Estimation - Nonfunctional Requirements (5 minutes)
- Who will use
- 10 million users
- How many will use
- 10 million paste writes per month
- 100 million paste reads per month
- Read/Write ratio
- 10:1 read to write ratio
- Traffic estimates (QPS for read and write queries)
- 3.8 ~= 4 write requests per second on average
- 40 read requests per second on average
- Storage estimates
- Size per paste: 1.27KB total
- 1KB content per paste
- short link: 7 bytes
- expiration_length_in_minutes: 4 bytes
- created_at: 8 bytes
- pate_path: 255 bytes
- 1.27K * 4 ~= 5k bytes paste per second ~= 150GB paste per year -> assume most are new pastes instead of updating the existing pastes
- 120 million new short links per year
- Memory estimates
- If we are using a cache, what is the kind of data we want to store in cache
- How much RAM and how many machines do we need for us to achieve this ?
- Amount of data you want to store in disk/ssd
Design Goals (5 minutes)
- Latency and Throughput requirements
- P90 1 second for read: 1 second
- P90 2 seconds for write: 2 seconds
- Consistency vs Availability [Weak/strong/eventual => consistency | Failover/replication => availability]
- Don't give a presentation. Give examples of consistency vs. availability and tell your assumption and ask if the assumption is correct.
In a distributed computer system, you can only support two of the following guarantees:
- Consistency - Every read receives the most recent write or an error
- Availability - Every request receives a response, without guarantee that it contains the most recent version of the information
- Partition Tolerance - The system continues to operate despite arbitrary partitioning due to network failures
Networks aren't reliable, so you'll need to support partition tolerance. You'll need to make a software tradeoff between consistency and availability.

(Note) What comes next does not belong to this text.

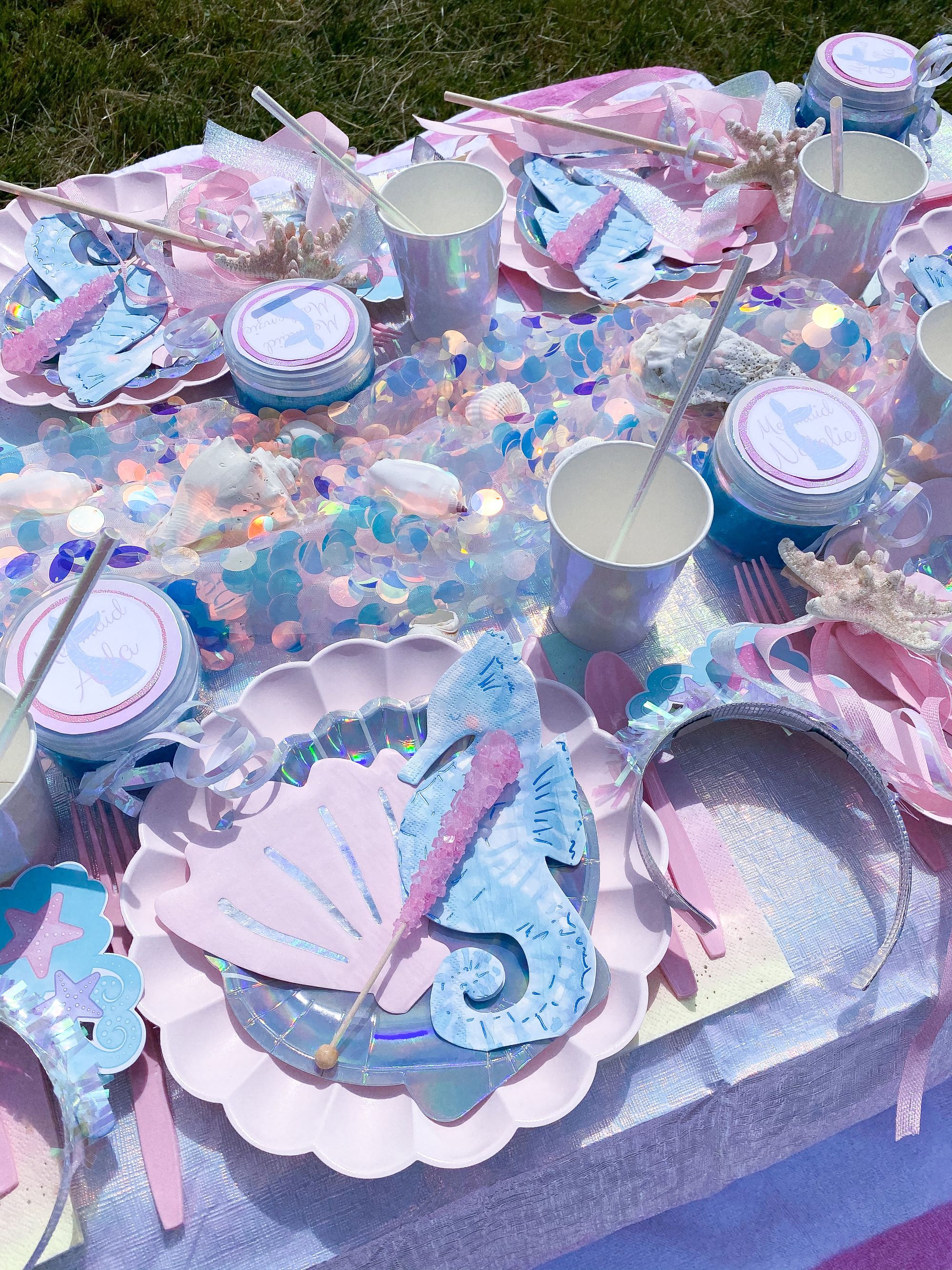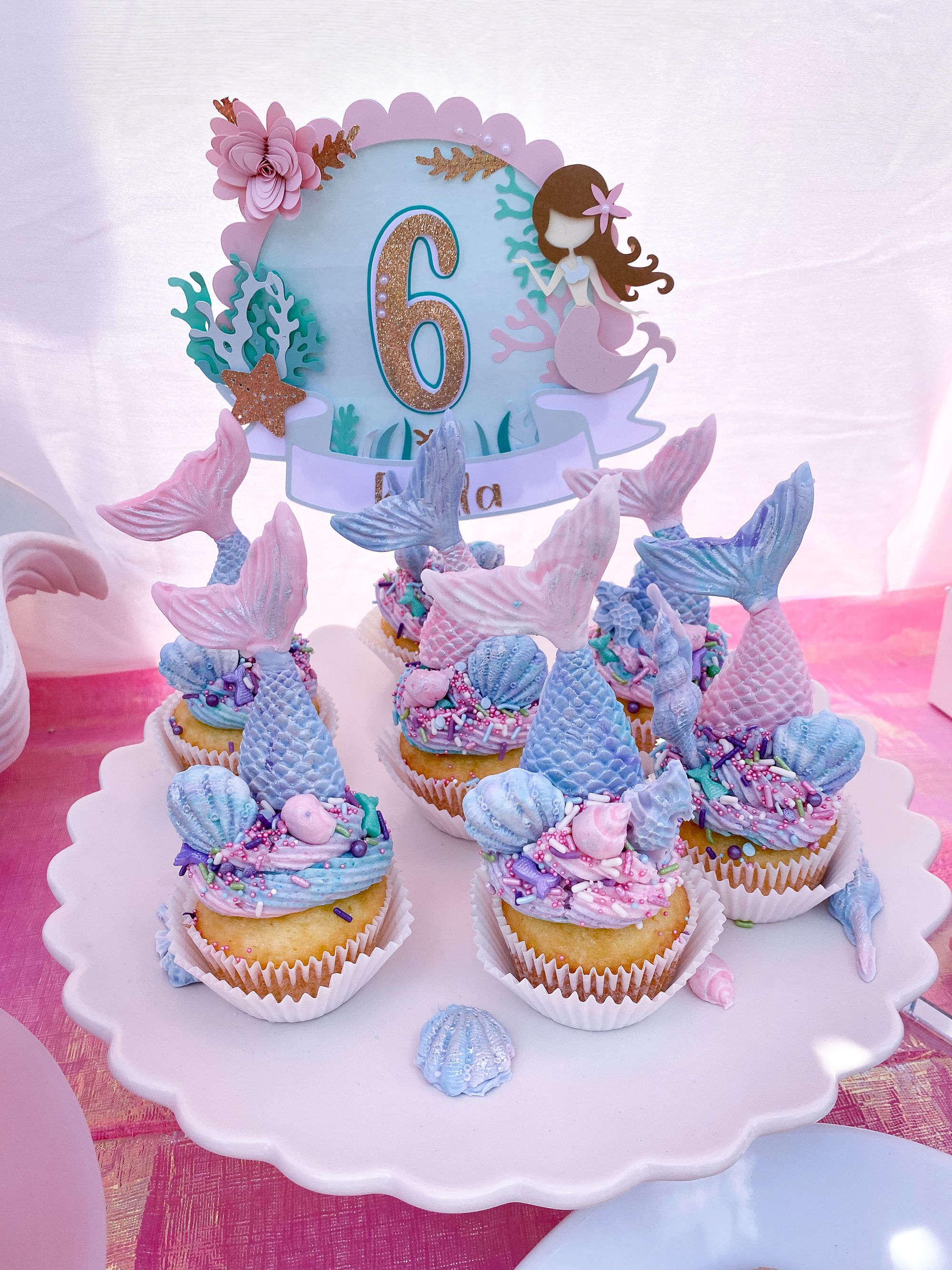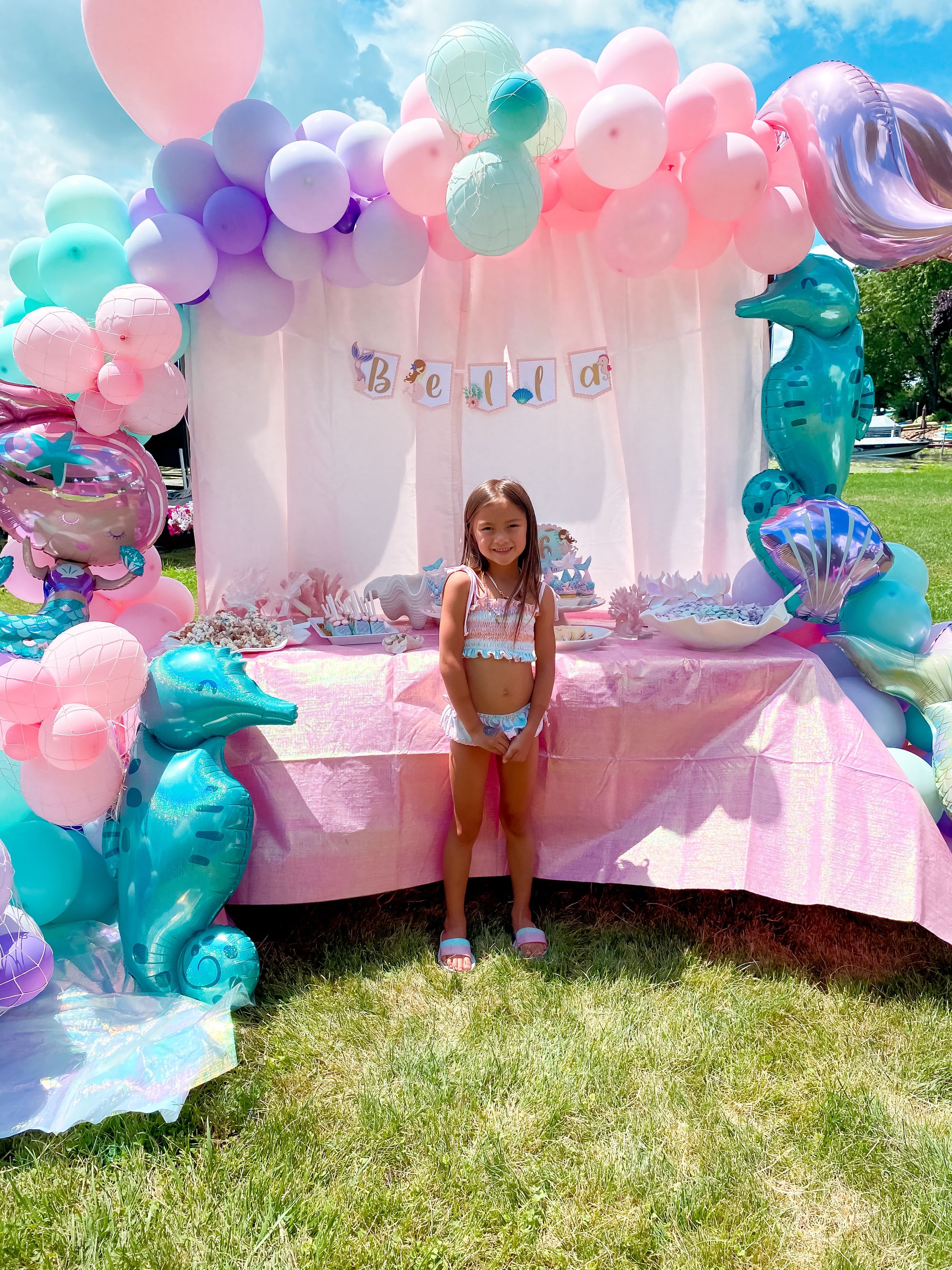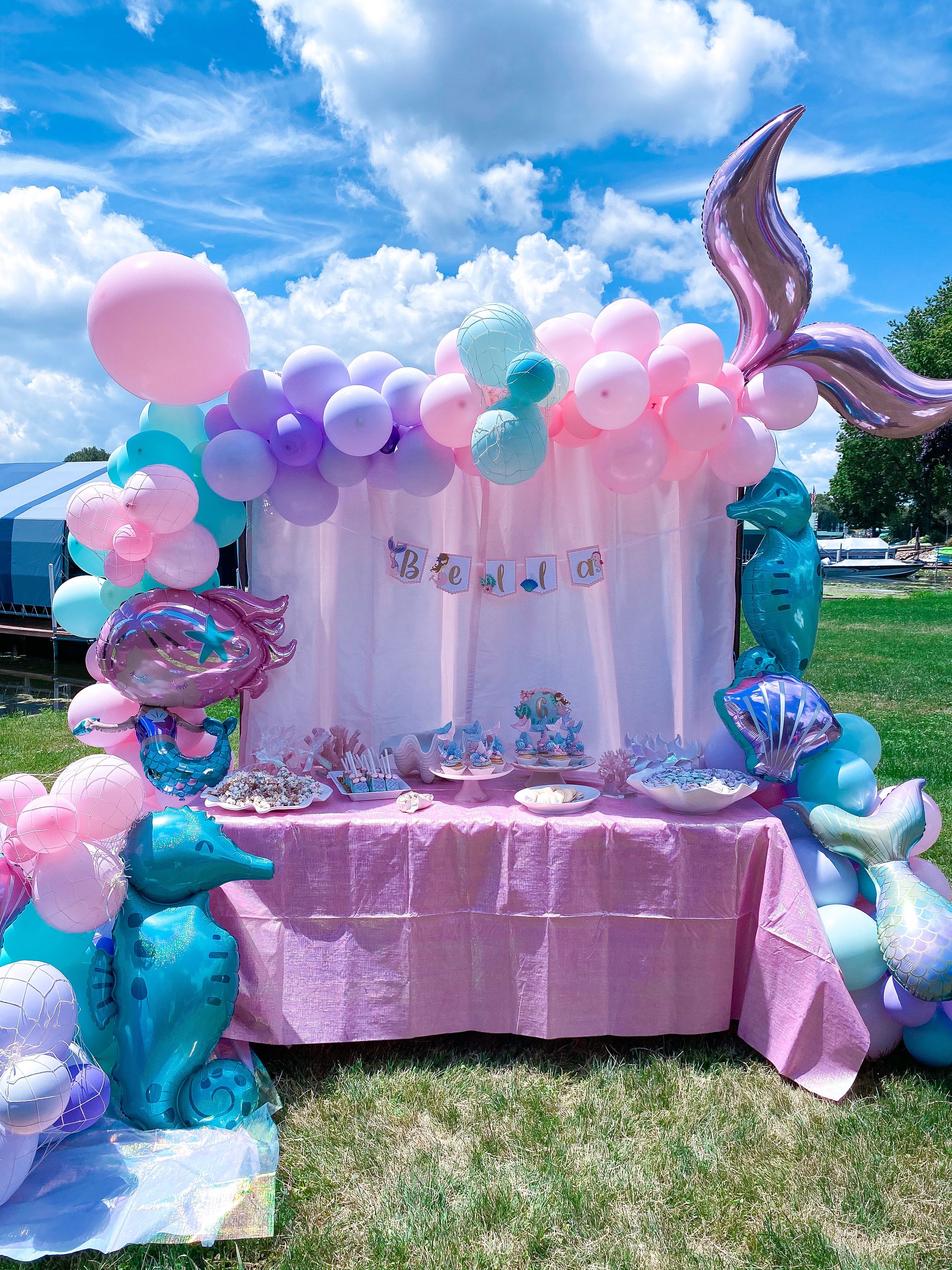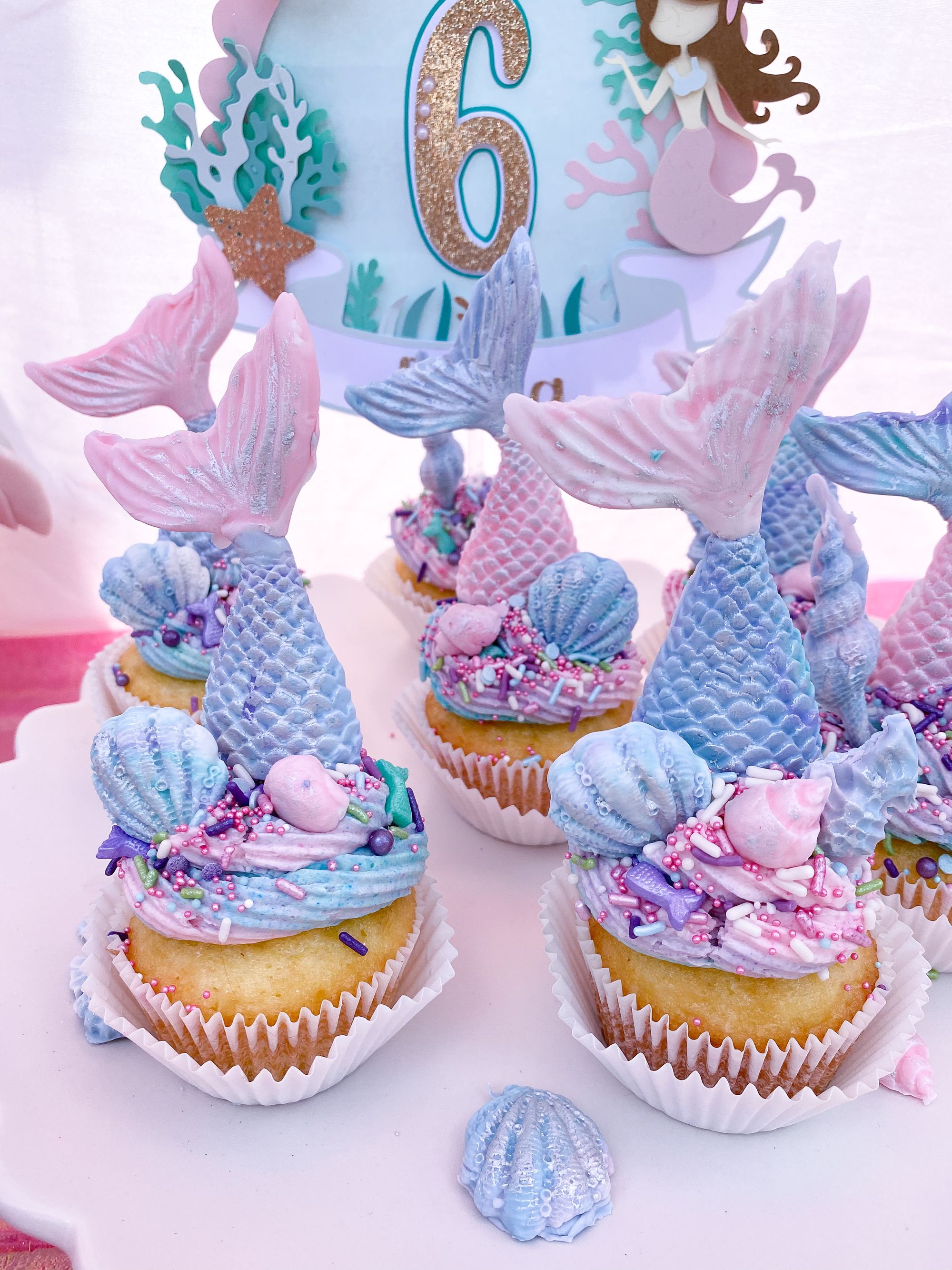 Camden loves Star Wars so he wanted a Mandalorian theme and Bella wanted a mermaid theme. Couldn't be more different but it was so fun to plan two different themes at the same time....as well as a ton of work! ;) I did all the treats, cupcakes, decor and balloon garlands myself and didn't hire out for anything, so it was a busy month beforehand!

CP - consistency and partition tolerance Waiting for a response from the partitioned node might result in a timeout error. CP is a good choice if your business needs require atomic reads and writes.
AP - availability and partition tolerance Responses return the most readily available version of the data available on any node, which might not be the latest. Writes might take some time to propagate when the partition is resolved. AP is a good choice if the business needs to allow for eventual consistency or when the system needs to continue working despite external errors.

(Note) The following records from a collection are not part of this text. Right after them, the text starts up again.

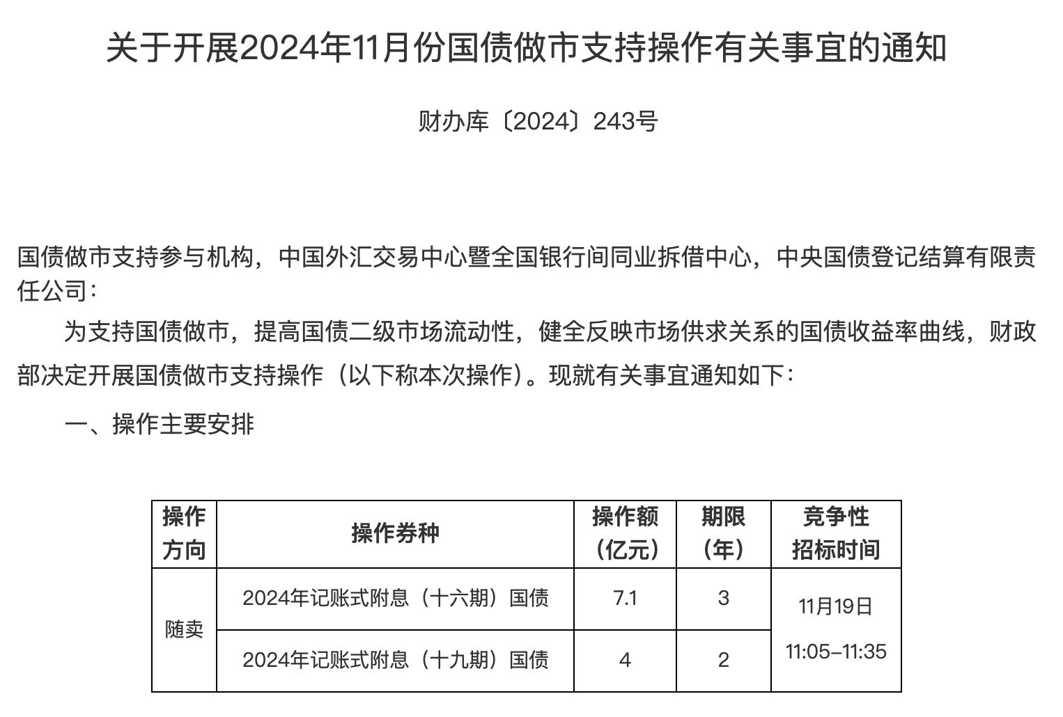 11月18日消息,为支持国债做市,提高国债二级市场流动性,健全反映市场供求关系的国债收益率曲线,财政部决定开展国债做市支持操作。操作方向:随卖。操作券种:2024年记账式附息(十六期)国债7.1亿元。2024年记账式附息(十九期)国债4亿元。
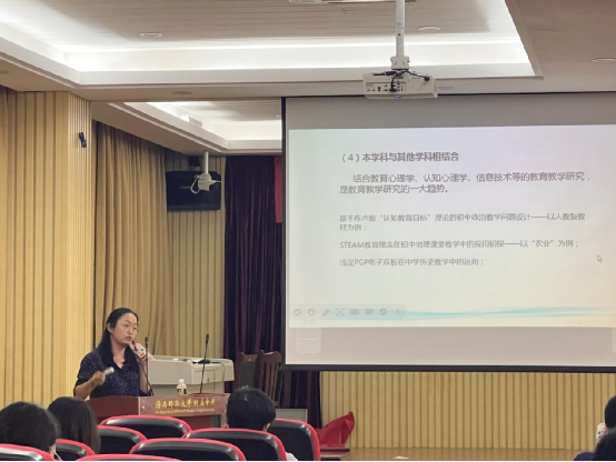 李晶晶教授毕业于华东师范大学物理与材料工程学院,获教育学博士学位,现为同人小说 教师教育学院教授,教育硕士导师,省拔尖人才,主要从事中学物理教学研究工作。在本次讲座中,李教授从教科研论文写作的态度、论文选题应注意的方面、论文的结构、写作中常见的问题、写作中要注意的方面、文章修改问题、提高论文写作的途径,以及投稿的注意事项等方面,进行了全面、细致地指导。李教授用幽默风趣的语言,现场问答的方式,生动形象地点明教研论文写作的存在问题和要点。
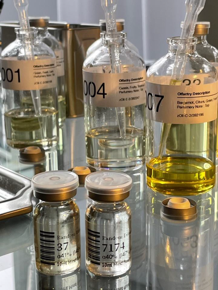 - Left image — Perfume vials/pipettes set cylindrical modules and a neat benchline → seeds stacked, repeatable loops.
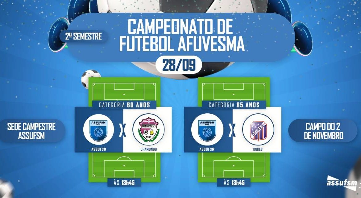 No próximo sábado, dia 28 de setembro, tem mais uma rodada do campeonato da AFUVESMA, para o segundo semestre de 2024, com a terceira rodada para as categorias dos 60 e 65 anos. Confira os jogos:
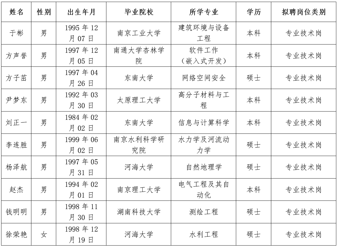 根據(jù)公開招聘工作有關要求,經(jīng)過報名、資格審核、面試、體檢等程序,確定于彬等10人為南京瑞迪水利信息科技有限公司擬錄用人員(按姓氏筆畫排序),具體如下:
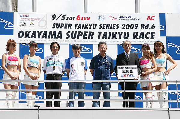 スーパー耐久シリーズに参戦するエントラントで組織するSTEL(スーパー耐久エントラントリーグ/運営委員長:花里功)は、シリーズ第6戦の舞台となる岡山国際サーキットにおいて、7月から8月にかけて自然災害に襲われて多大な被害を受けたサーキットの地元である岡山県美作市への義援金募金活動を行い、決勝レースが行なわれた6日に岡山国際サーキットを通じて美作市へと義援金を寄贈した。

High Level Design (5 - 10 minutes)
- what to store/where to store
- Database schema
shortlink char(7) NOT NULL,
expiration_length_in_minutes int NOT NULL,
created_at datetime NOT NULL,
paste_path varchar(255) NOT NULL,
PRIMARY KEY(shortlink)
- Mention the NoSql type of the db first before mentioning dynamodb as an example
- Relational DB as a large hash table mapping the generated url to a file server
- Instead of managing a file server, we are using a managed object store such as Amazon S3 (strongly consistent noSQL) or NoSQL document store.
- APIs for Read/Write scenarios for crucial components
writePaste(content, expiration_length_in_minutes, created_at)
The write API server does the following a. generates a unique url
- checks if the url is uniquee by looking at the SQL database for a duplicate
- If the url is not unique, it generates another url
b. Saves to the SQL database pastes table c. Saves the paste data to the object store d. Returns the url
getPaste(short_link, paste_path=optional)
- The client sends a get pate request to the web server.
- The webserver forwards the request to the READ API server.
- The read API server does the following
a. checks if the short link exists in the db.
- if the url exists in the db, fetch the paste contents from the object store. else return an error message to the user.
- High level design for Read/Write scenario
DEEP DIVE [15-20 min]
- Reading 1MB sequentially from memory takes about 250 microseconds, while reading from SSD takes 4X and from disk takes 80x longer.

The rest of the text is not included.